Ethics of Image Editing

Discussion Prompt: Assume you are a content creator for a public relations, marketing or healthcare entity. Present at least three specific guidelines that you would create to ensure images are used appropriately and ethically (such as when retouching, cropping, and compositing are acceptable and to what degree).

Photo editing has become just an accepted and ubiquitous part of our daily lives that “Photoshop” has indeed become a verb (Hunter, 2018). I myself have no compunction about using a very clever little app on my smartphone to slim myself down a little before I send my photos winging across the cyber skies to my eagle-eyed mother, and save myself some sharp words (however well earned); I have also, at my mother’s request, removed sunspots from her photos. While I worry about the ethical implications of such trivial use, they are much less dire than they would be for those images and photographs destined for a public audience.

As a content creator for a public relations firm, these are the three guidelines I would create:

  1. Refrain from combining images with disparate elements to form a photograph that tells a story not contained within both original images together. Using the example of the whales and penguins in the article, Ethics and Editing (Ethics and Editing), from this week’s reading, we can see how separate photos, one showing just penguins on an ice floe, and one showing just two whales breaking the surf, have been combined to depict a scene in which both sets of animals appear at the same time. Granted, the location of both photos is the same, but this photograph gives the impression that both events would happen—and did happen—in conjunction with each other. Whether or not these events could actually coexist—in the same place at the same time—is beside the point: the point of journalist and photography is to depict things as they are, not how we imagine them to be… without the most rigorous of disclaimers. Another, much more egregious example of how harmful and deceitful such a practice can be is Brian Walski’s combining of two war-time photographs that completely distorted the narrative and led to his termination from the Los Angeles Times (Riper, 2009).
  2. The use of filters and color enhancing tools is acceptable… as long as such enhancement is only for technical clarity and does not go beyond enhancing to distortion.

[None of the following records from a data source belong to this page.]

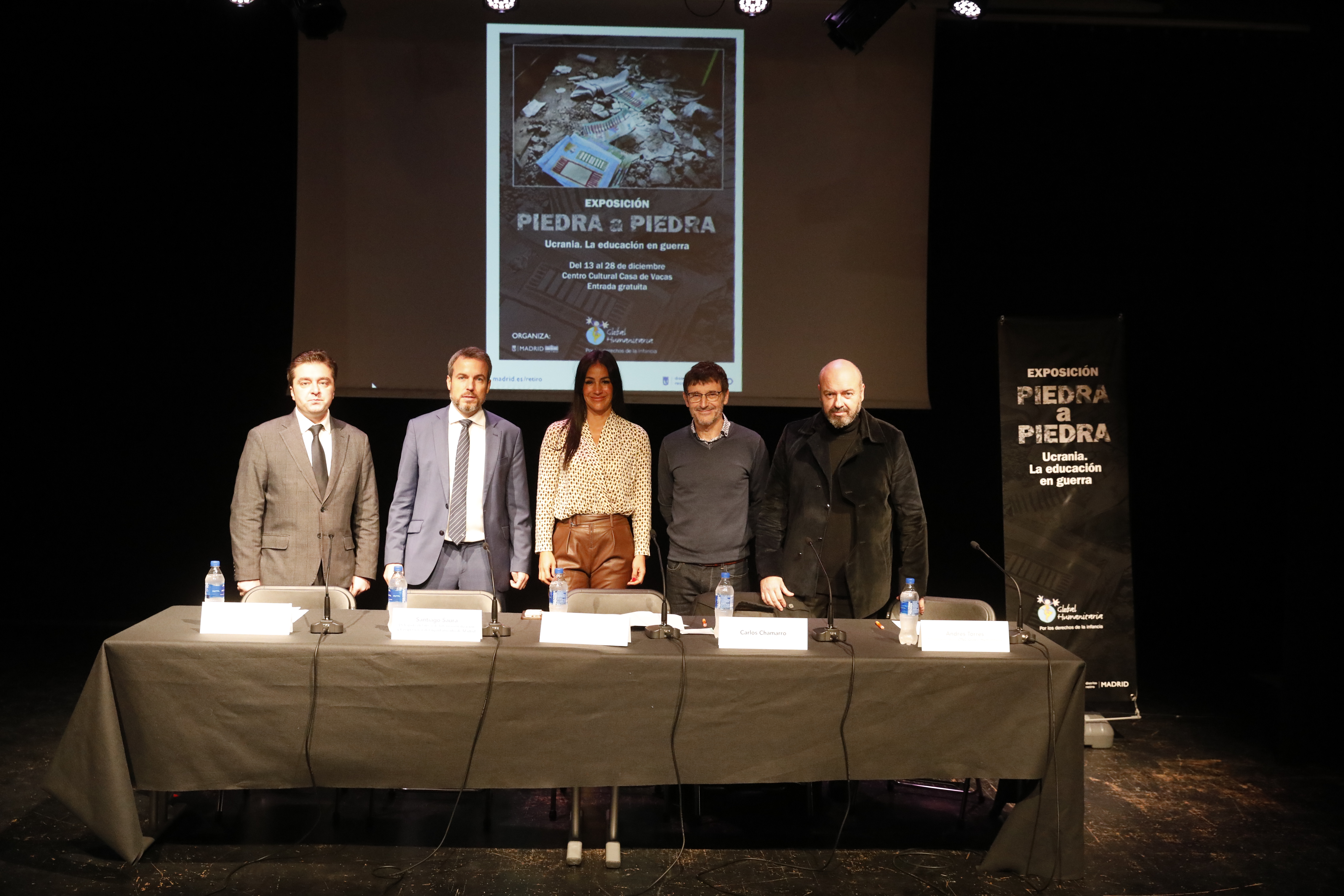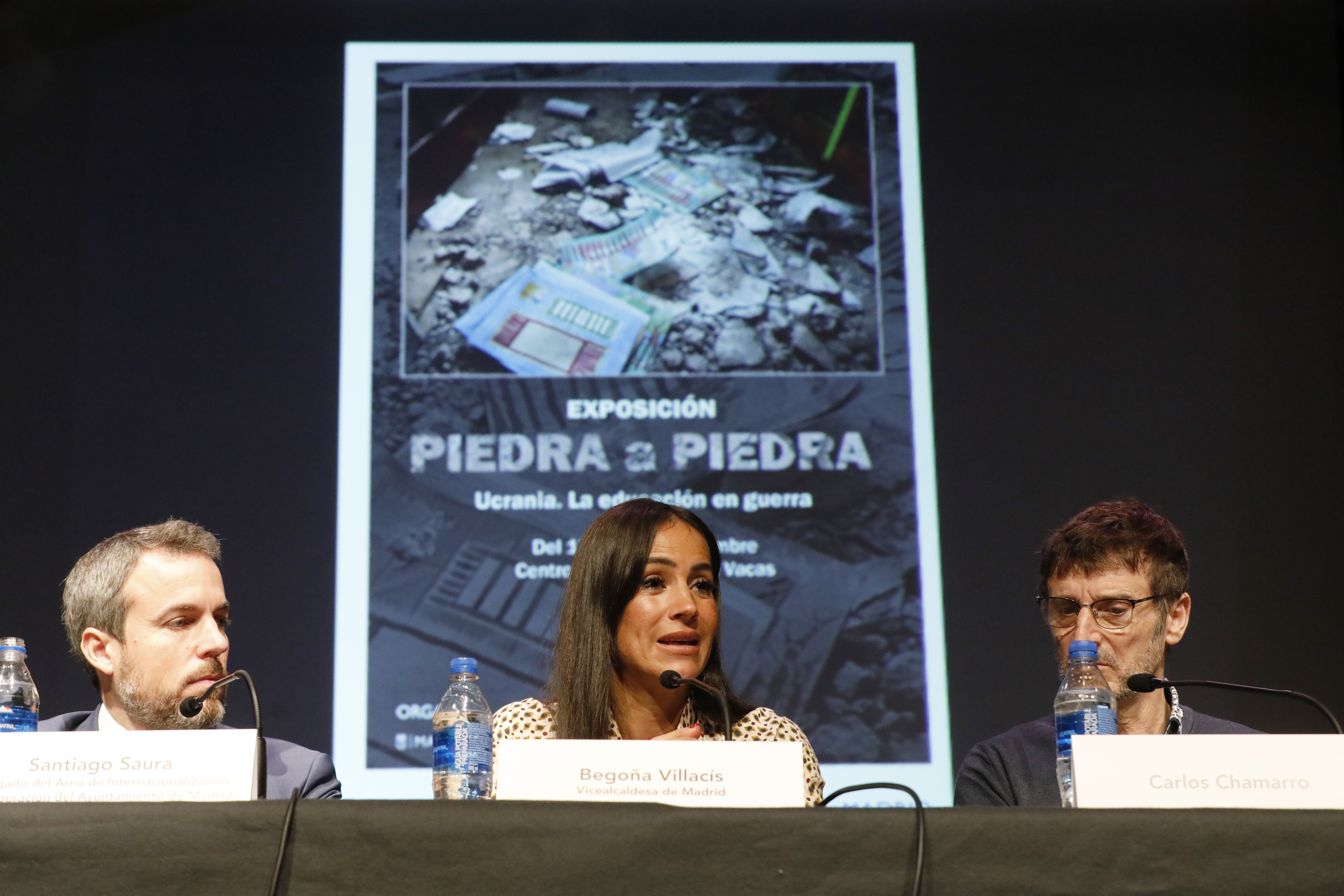 La vicealcaldesa de Madrid, Begoña Villacís, ha inaugurado hoy la exposición Piedra a Piedra, una muestra que persigue sensibilizar y concienciar sobre el impacto que la guerra de Ucrania está causando en la educación de los niños que permanecen en el país, organizada por la ONG Global Humanitaria en colaboración con el Ayuntamiento de la capital.
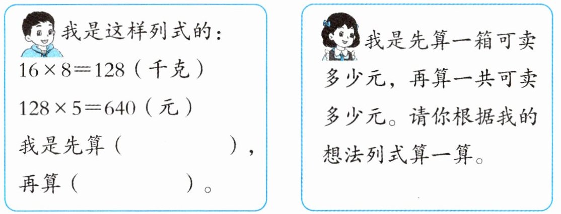 )。我是先算一箱可卖多少元,再算一共可卖多少元。请你根据我的想法列式算一算。
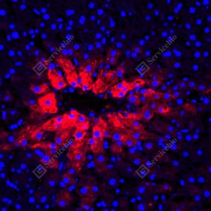 IF检测Glutamine Synthetase蛋白(货号 GB151217)(红色). 样品: 大鼠肝, 4%多聚甲醛 (货号G1101) 固定12-24小时. 抗原修复: 柠檬酸抗原修复液(干粉, pH 6.0) (G1201), 高压锅均匀喷气计时2分钟. 封闭: 3% BSA(货号GC305010)的PBS溶液, 室温孵育30分钟. —抗: 1: 1500稀释, 4℃ 孵育过夜. 二抗: Cy3标记山羊抗兔IgG (H+L) (货号GB21303), 1: 300稀释, 室温孵育1小时. |
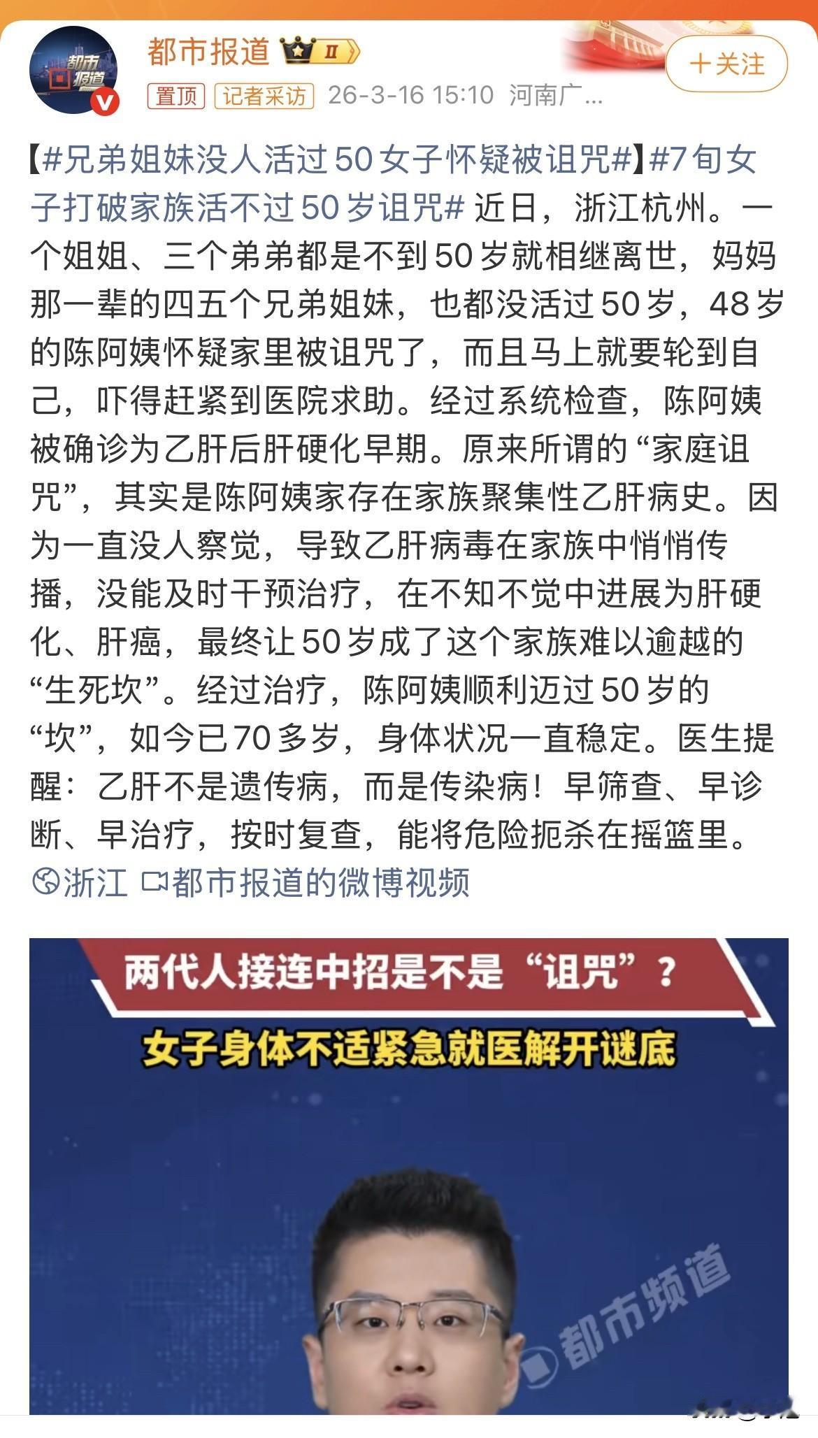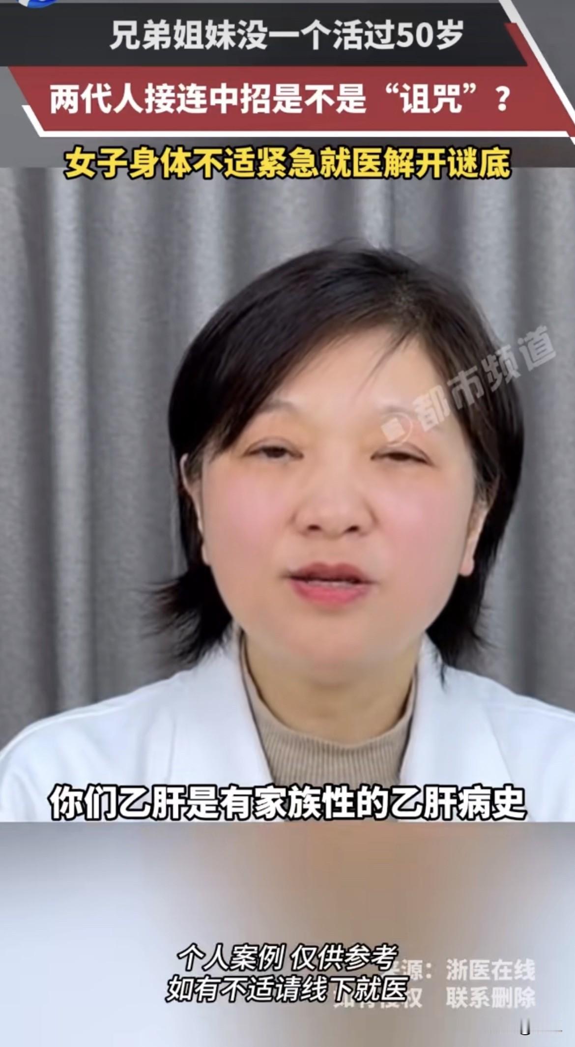 48岁的陈阿姨走进杭州市第一人民医院那天,脸上带着一种说不出的表情。不是害怕,是认命。她告诉医生,自己家里一个姐姐、三个弟弟,全是不到50岁就没了。妈妈那边四五个兄弟姐妹,也没一个活过50岁。现在眼瞅着自己就要到这个坎了,最近总觉得浑身没劲,饭也吃不下。她压低声音问医生:我们家是不是被什么诅咒缠上了? 医生听完这话,背后一阵发凉。这不是头一回有人这么问,但每次听到还是觉得瘆人。家里人不懂医,只记得那些亲人走之前,有的肚子肿得老大,有的老说右边肋骨下面疼。送到医院,诊断书上写的不是肝硬化晚期,就是肝癌晚期。一个接一个,像商量好似的,全卡在50岁这个年纪。 检查结果出来那天,陈阿姨才知道,哪来的什么诅咒。她得的是乙肝后肝硬化早期。这个诊断一出来,两代人的死亡谜团全解开了。 医生跟她解释,这叫家族聚集性乙肝。广州地区一项针对1096名慢性乙肝患者的研究发现,家族聚集率高达51.9%。也就是说,每两个乙肝患者里,就有一个家里还有别的病人。病毒就在兄弟姐妹之间、母子之间悄悄传了个遍。因为没人知道,也从没干预,病毒就在身体里默默啃噬肝脏。 陈阿姨家这种情况,说到底就是两样东西在作怪:母婴传播和日常接触。 先说母婴传播。这是国内乙肝家族聚集最狠的一条路。福州疾控中心的数据说得明白:围产期和婴儿时期感染HBV的,慢性化率能到90%左右。这些孩子长大结婚生子,又会往下传。有一项南京地区2020到2024年的研究,对259个乙肝阳性妈妈的新生儿做了规范的联合免疫,阻断成功率94.98%。换句话说,只要知道、只要做,孩子基本不会被传染。北京地坛医院的专家甚至说,HBsAg阴性以及HBsAg阳性但HBeAg阴性母亲的新生儿,采取正规预防后阻断率能到98%到100%。可陈阿姨妈妈那一辈,哪懂这些。孩子生下来,该喂奶喂奶,该亲亲抱抱亲亲抱抱,病毒就这么传下来了。 再说日常接触。乙肝病毒不光母婴能传,血液、唾液、汗液、精液、乳汁都能传。家里一把牙刷轮流用,一个剃须刀谁想用谁用,吃饭你一筷子我一筷子,摸完钱票的手直接抓花生瓜子往嘴里送——这些事儿在普通人家太常见了。可偏偏就是这些不起眼的小动作,让病毒在家庭成员之间来回串。埃塞俄比亚有一项2025年的研究,专门看家庭内部传播,发现家里人口超过7个的,感染风险能翻4倍多。还有,家里如果有人因为肝炎死过,其他成员感染的风险是普通人的3倍。陈阿姨那些姐姐弟弟,从小在一个锅里吃饭,一个盆里洗脸,一个炕上睡觉,病毒就这样一代传一代,根本没人察觉。 最可怕的是,这病毒在身体里是慢慢啃的。 广州那项研究还追踪了患者的发病年龄。家族史阳性的人在31到45岁这个年龄段,肝硬化比例明显比家族史阴性的人高。福州疾控的数据更吓人:聚集性感染家族里,子代感染后肝硬化和肝癌的发病年龄,比没有家族史的人提前10年。而且,有肝癌家族史的慢性乙肝感染者,自己得肝癌的风险高出32.9倍。陈阿姨那些姐姐弟弟,有的30多岁肝就不行了,有的40出头查出肝癌,没有一个扛过50岁。这哪是什么诅咒,就是病毒在家族里潜伏了几十年,到了时候一起收账。 陈阿姨从48岁那年开始,老老实实吃抗病毒药,每三个月到医院报到一次,做肝功能、做B超。这一坚持就是二十多年。如今她已经70多岁,不光自己活得硬朗,第三代的孩子也已经健康长大。那个曾经压得一家人喘不过气的50岁诅咒,在她这儿彻底断了根。 回头看看,这个所谓的诅咒,最扎心的地方在哪?不是病毒多厉害,是一家人被蒙在鼓里几十年,一个接一个地死,都没人想到去做个检查。如果她妈妈那一辈有人懂一点,或者遇到一个好医生做一次筛查,那四五个兄弟姐妹,会不会也能活过50岁? 可惜没如果。 现在陈阿姨逢人就说一句话:乙肝这病,最怕的不是治不好,是压根不知道自己有。而家里只要有一个人有,一桌吃饭的、一个屋睡觉的,都可能成为下一个。那个诅咒,不过是一层没人捅破的窗户纸。 你看完这事,啥感觉?你家或你身边人,会定期做肝脏检查吗? 来源:都市报道

This is a guideline from the Society of Professional Journalists (I admit that this is a takeaway from a previous course in the Master’s program that really spoke to me, so much so that it is on a post-it note on my desk!), which says, ““Never distort the content of news photos or video” (Society of Professional Journalists, 2014) but also goes on to clarify, “Image enhancement for technical clarity is always permissible.” The litmus test here is the distortion of content: if the color or other manipulation fundamentally changes the content, meaning, the story that is being told, then said manipulation is unacceptable. An example of acceptable manipulation is the sharpening of a photograph of a crowd to enable the reader or viewer to see the faces therein more clearly; and example of unacceptable manipulation is the enhancing an assault victim’s face to a point at which bruises aren’t just a little clearer and easier to make out, but to a point that indicates injuries more severe than they actually are.
  3. If enhancements and manipulations are made, disclose fully. Depending on the use of the images, manipulation may be expected and accepted, but it behooves us, as a public relations firm, to err on the side of caution and to be as transparent as possible regarding any manipulation. Not to be transparent about manipulations may very well lead to allegations of fraud (Ethics and Editing) and may very well damage the content provider’s reputation.

Ultimately, I think Patterson and Wilkins (Patterson & Wilkins, 2018) put it best: “The reason for the different standard for news photography is a presupposition that while art may be manipulated, information may not.” The litmus test, therefore, for the ethical standard of editing, is whether or not the actual story is changed by the manipulation.

References:

Ethics and Editing. (n.d.). Retrieved from Photo Review: http://www.photoreview.com.au/tips/editing/ethics-and-editing

Hunter, K. (2018). Module 6 Overview, COM-610-X3062 Communication by Design.

Patterson, Philip; Wilkins, Lee. Media Ethics: Issues and Cases). (2018) McGraw-Hill Education. Kindle Edition.